▶ **TASK INSTRUCTIONS**
Transcribe only the stretch of lines that opens with the line containing "Meski demikian, bukan" and closes with the last line of the listing, skipping pictures.

══════════════════════════════

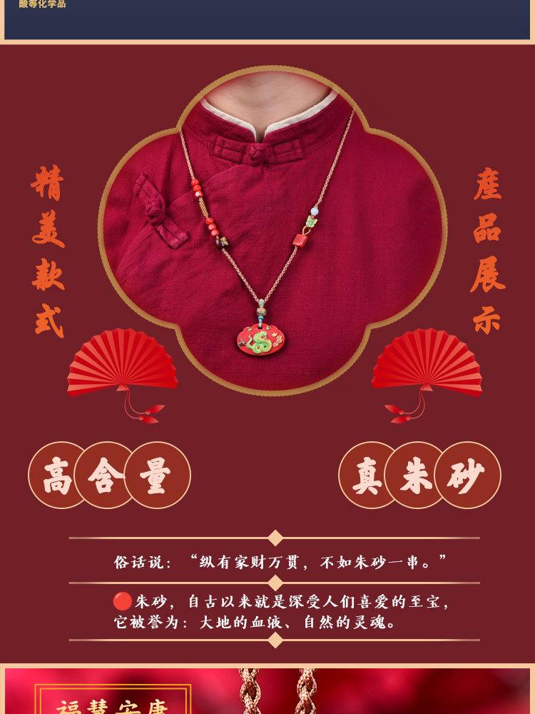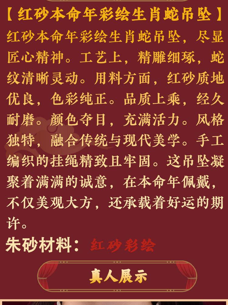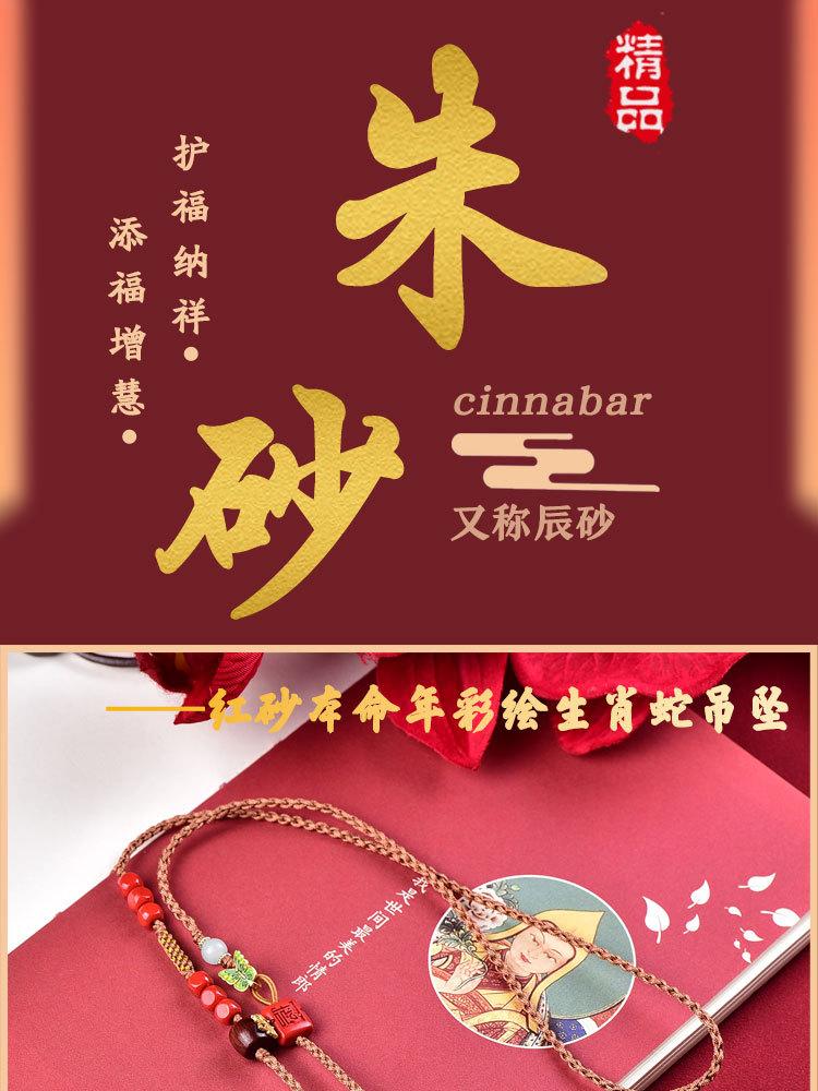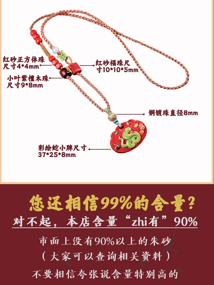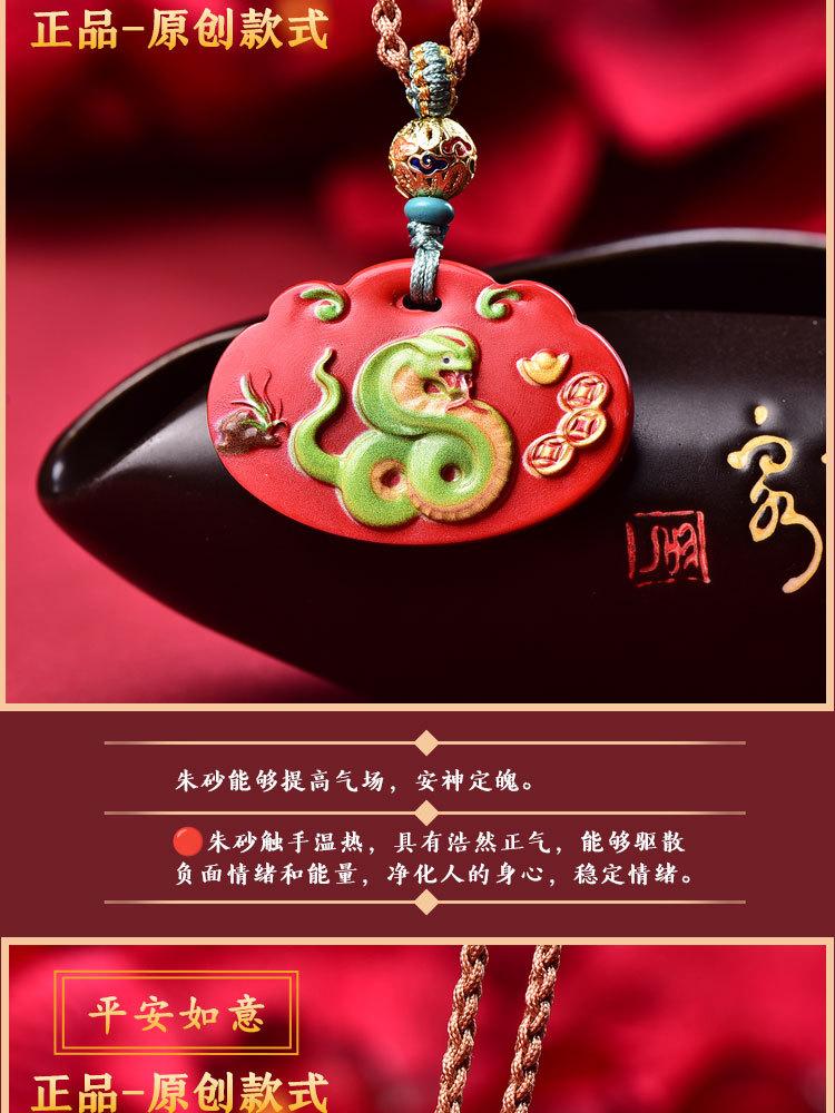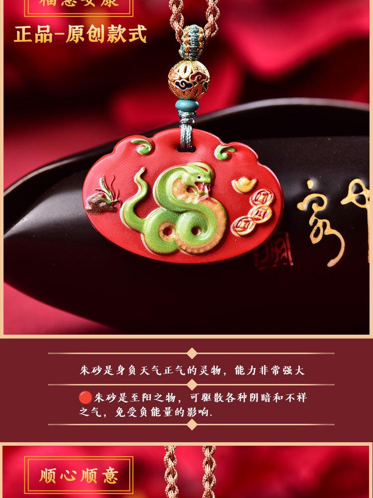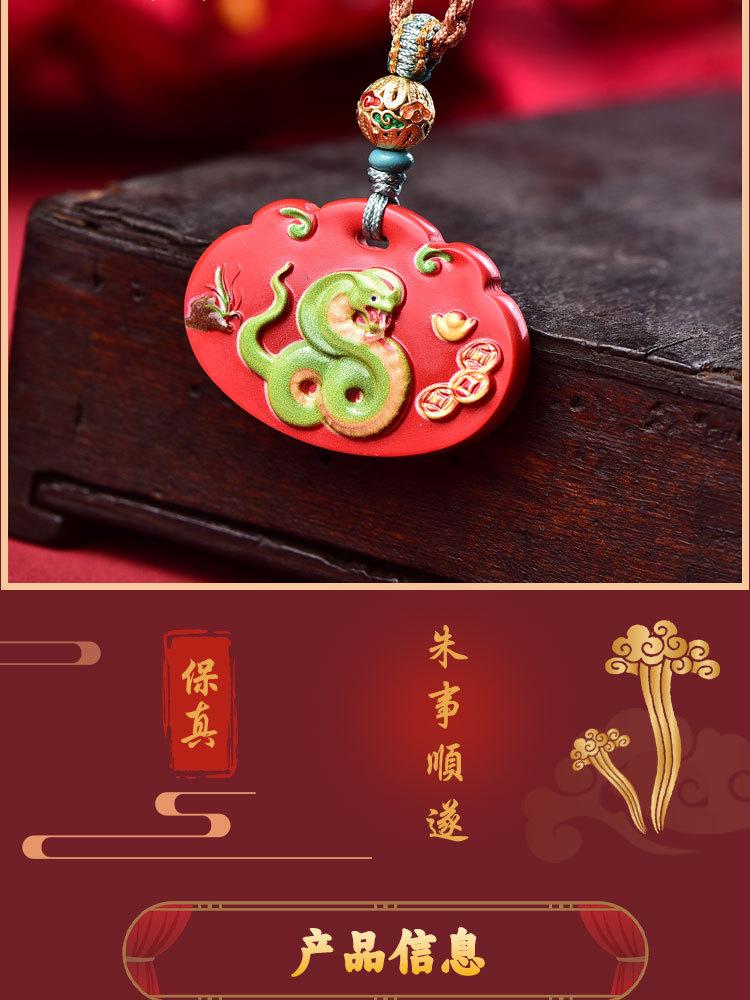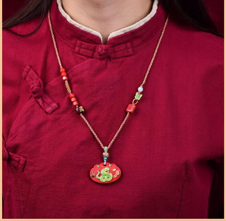 Collar con Colgante de Año de Nacimiento del Zodíaco Pintado con Cinabrio de Alta Calidad Serpiente Auténtico de Alta Gama Alto Contenido Diseño Original
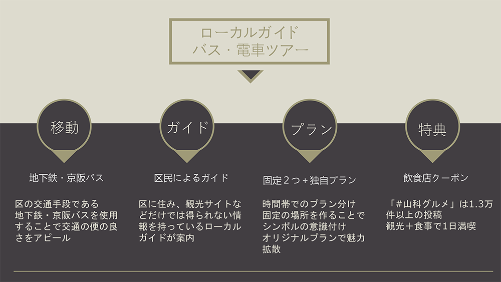 発表された提案は、区の代表的な観光スポット「毘沙門天」に焦点を当てたもの、若者を呼び込むためのe-スポーツイベントの開催やインスタ映えカフェの開設、交通安全の推進による安心のまちづくりなど、それぞれに特色のあるアイデアが登場。そのなかで区長賞に選ばれたのは、チーム『Twinkle』の「皆で創る山科ツアー」をコンセプトに、区民のガイドで行うローカルガイド バス・電車ツアーの提案でした。
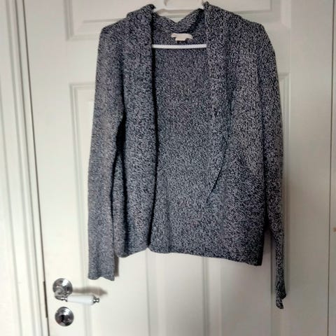 Brukt et par ganger. Jakken er svart med hvite sjateringer. Uten knapper og har 2 lommer. Glitterflak på hele jakken. Polyester, akryl og metall garn
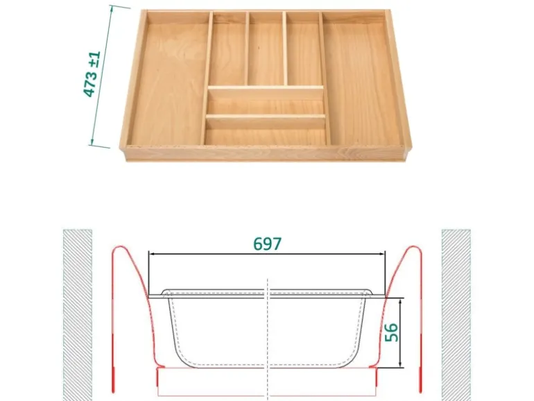 Tiefe 473 +/- 1 mm, Breite 697 +/- 1 mm, Höhe 56 +/- 1 mm – Bitte messen Sie Ihr Schubladen-Innenmaß
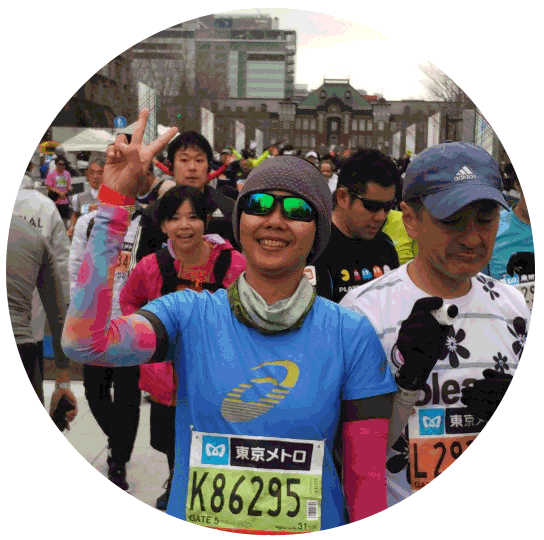 Meski demikian, bukan berarti semuanya mulus. Di km 23, bokong mulai terasa pegal. Rasa sakit ini meningkat hingga pace saya lambatkan di km 28 dari 5:42 ke 6:30, bahkan sampai 7:30 di km 30 dan 31. Untuk meredakannya, saya menyemprotkan muscle spray yang ditawarkan para penyemangat masyarakat Jepang. Di km 29, saya tiba-tiba sakit kepala seperti mau pingsan. Untuk mengatasinya, saya makan dua energy gel dan satu elektrolit. (Belakangan, saya mengetahui bahwa sakit kepala tersebut karena efek kedinginan dan sebenarnya tidak berbahaya). Di tengah semua kesakitan ini, saya melihat keluarga saya di km 31. Wah… rasanya seperti mendapat second wind. Setelah itu, entah karena efek energy gel, bertemu keluarga, atau strategi lari pelan dulu di awal, saya mendapatkan tenaga kembali. Di 10 km terakhir, saya berhasil menaikkan pace secara bertahap ke sekitar 6:10 – 6:15 dan finish di 4:33. Artinya saya memangkas 37 menit dari catatan waktu Tokyo Marathon terdahulu. Ini menunjukkan bahwa saya berhasil mengeksekusi rencana dengan baik dan saya puas dengan hal ini. You learn in every marathon. Kali ini saya belajar bahwa persiapan yang baik harus dilakukan dan dukungan keluarga sangat berarti. After all that’s why I run; to live my life fully with my family.
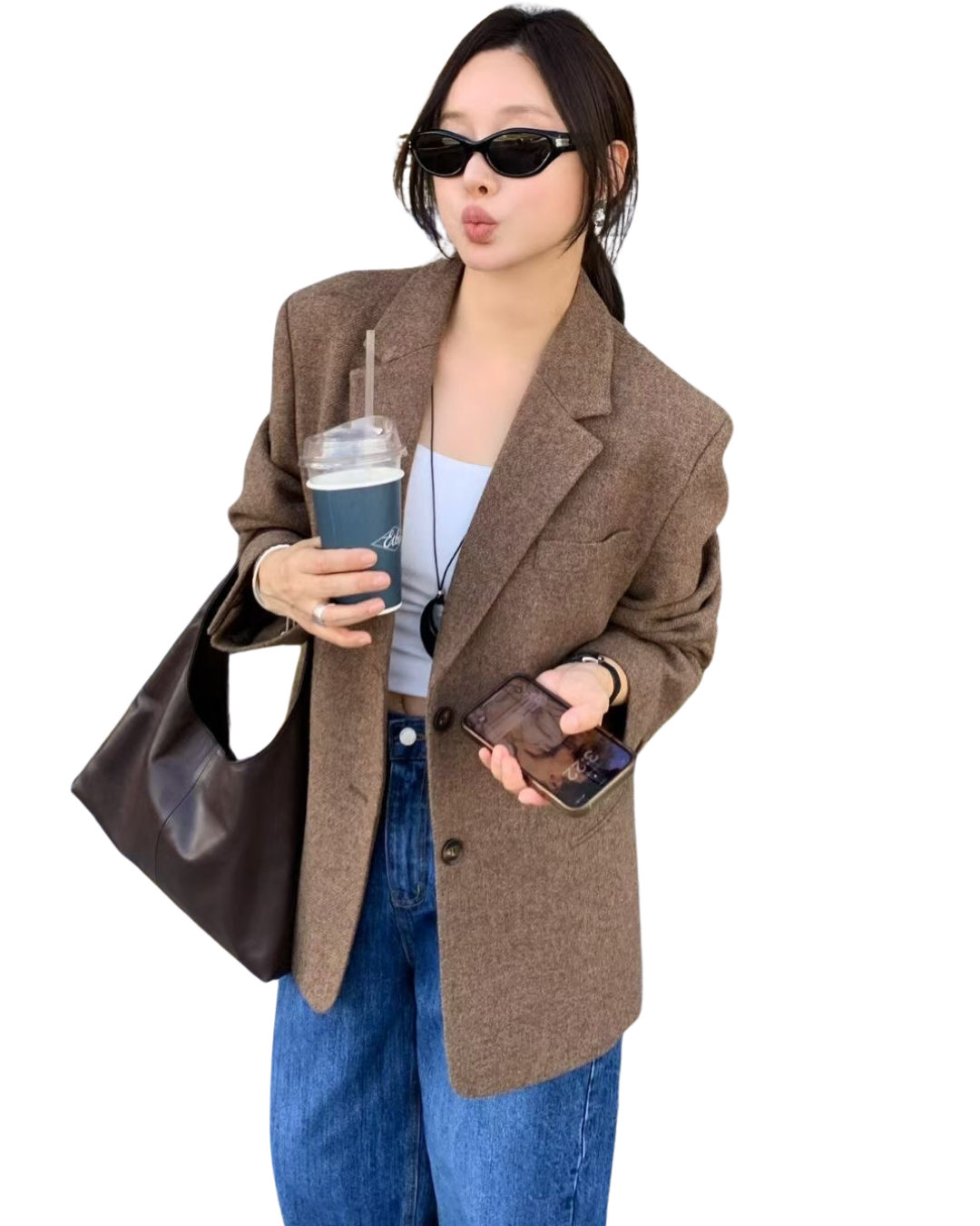 OT21988- 韓國頂級質感復古棕羊毛西裝外套

══════════════════════════════

▶ **PROBLEM SOLUTION**
 Meski demikian, bukan berarti semuanya mulus. Di km 23, bokong mulai terasa pegal. Rasa sakit ini meningkat hingga pace saya lambatkan di km 28 dari 5:42 ke 6:30, bahkan sampai 7:30 di km 30 dan 31. Untuk meredakannya, saya menyemprotkan muscle spray yang ditawarkan para penyemangat masyarakat Jepang. Di km 29, saya tiba-tiba sakit kepala seperti mau pingsan. Untuk mengatasinya, saya makan dua energy gel dan satu elektrolit. (Belakangan, saya mengetahui bahwa sakit kepala tersebut karena efek kedinginan dan sebenarnya tidak berbahaya). Di tengah semua kesakitan ini, saya melihat keluarga saya di km 31. Wah… rasanya seperti mendapat second wind. Setelah itu, entah karena efek energy gel, bertemu keluarga, atau strategi lari pelan dulu di awal, saya mendapatkan tenaga kembali. Di 10 km terakhir, saya berhasil menaikkan pace secara bertahap ke sekitar 6:10 – 6:15 dan finish di 4:33. Artinya saya memangkas 37 menit dari catatan waktu Tokyo Marathon terdahulu. Ini menunjukkan bahwa saya berhasil mengeksekusi rencana dengan baik dan saya puas dengan hal ini. You learn in every marathon. Kali ini saya belajar bahwa persiapan yang baik harus dilakukan dan dukungan keluarga sangat berarti. After all that’s why I run; to live my life fully with my family.
 OT21988- 韓國頂級質感復古棕羊毛西裝外套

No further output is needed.